Assignment conversion performs boxing and unboxing, eliminating set! as usual. It sits between reveal-functions and lift-lambdas. There are some concerns in assignment-convert to be mindful of, in this project: we need to make sure that arguments to functions (and lambdas) also get copied into a box.

ANF conversion is mostly the same, now dealing with only top-level definitions (no need to handle lambdas). Explicate-control does not significantly change: we handle calls to functions just as we handled calls to things like read before. In emitting code at the lower passes, we generally only need to handle new instructions. The main significant intellectual change happens in select-instructions, which needs to move all of the function’s arguments into the appropriate registers. Arguments (at most six, due to limit-functions) are passed in order in the registers (argument-registers-list) (defined in system.rkt). You should use that function, rather than hardcoding a list of registers (but they are rdi, rsi, rdx, rcx, r8, and r9). At the select-instructions phase, I instruct you to emit a function named conclusion in every function of the form '((retq)) (i.e., a single return instruction). In the pass prelude-and-conclusion, we fix this up by calculating the requisite stack space to allocate, allocating it and uniqueifying the block name from conclusion to conclusion183... (i.e., a gensym).

One last point: check out the new irs.rkt. Notice how there is no top-level metadata in the program anymore: no (program ,info ...). That’s because in this project, all information is either (a) function-specific or (b) can easily be figured out by looking at the definitions (e.g., collecting up all function names, since you know they’re all of the form (define (,f ...) ...)). So in general, the IRs will look like:

'(program (define (f x0 x1 ...) e-b0) (define (g y0 ...) e-b1) ...)

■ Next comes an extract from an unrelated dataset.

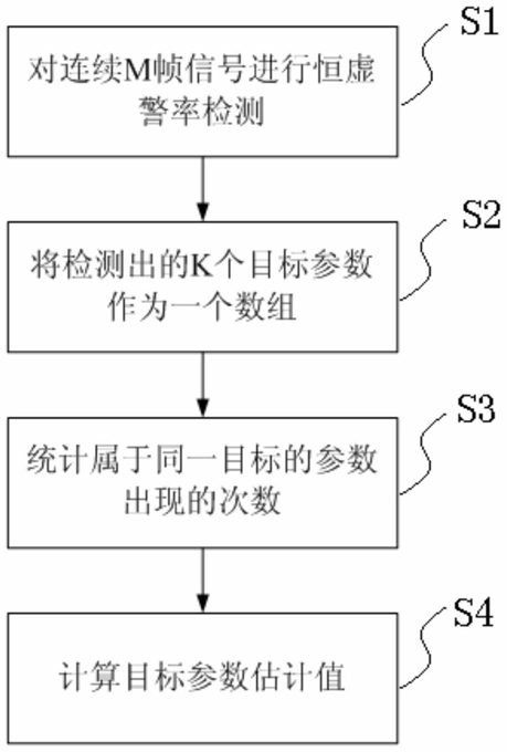 1.一种基于恒虚警率的概率统计目标检测方法,其特征在于,包括以下步骤:① 对输入的连续M帧信号进行恒虚警率检测,假设检测出K个目标,将该K个目标参数存入一个数组中,其中K、M均为整数;

As mentioned above (this is such a key point I feel I have to repeat it), the general idea is to either map / fold over this list of definitions.

Pass-by-Pass Implementation Guide

Looking at my reference implementation, compared to my solution for the previous project, I will call out the major things that I see as relevant to know on a pass-by-pass basis.

`shrink`

First, shrink needs to support both function calls and (R5 only) lambdas. Second, this pass expects an input like:

(program (define (f x ...) e) ... e-main)

I.e., the final item in the list is the main expression in the program. Every program in R4 is a list of definitions (possibly empty) followed by a final “main” expression. The shrink pass needs to wrap this in a main function:

(program (define (f x ...) e) ... (define (main) e-main))

`uniqueify`

This pass needs to change in two ways: it needs to map the rename function across each definition, taking the variable names into account. Second, it needs to accomodate function calls (simple: just map rename across each argument / the function expression) and lambdas: be sure to be mindful that lambdas establish bindings and thus need to be handled similarly to let.

`reveal-functions`

This is a new pass: the purpose of this pass is to change function applications like (f x y z) into (app (fun-ref f) x y z). The reason this is important is basically this: we will sometimes want to compile user-written functions in a specific manner (specifically: tacking on an extra closure parameter, in the case of closure conversion), and so we need to have some way to look at every function call site and determine: is this a call to a user function, or a builtin function? Also, at runtime, we represent functions using function pointers, and we look up their values using the load effective address (lea) instruction: we add (fun-ref ,f) as a new kind of atom at this IR level.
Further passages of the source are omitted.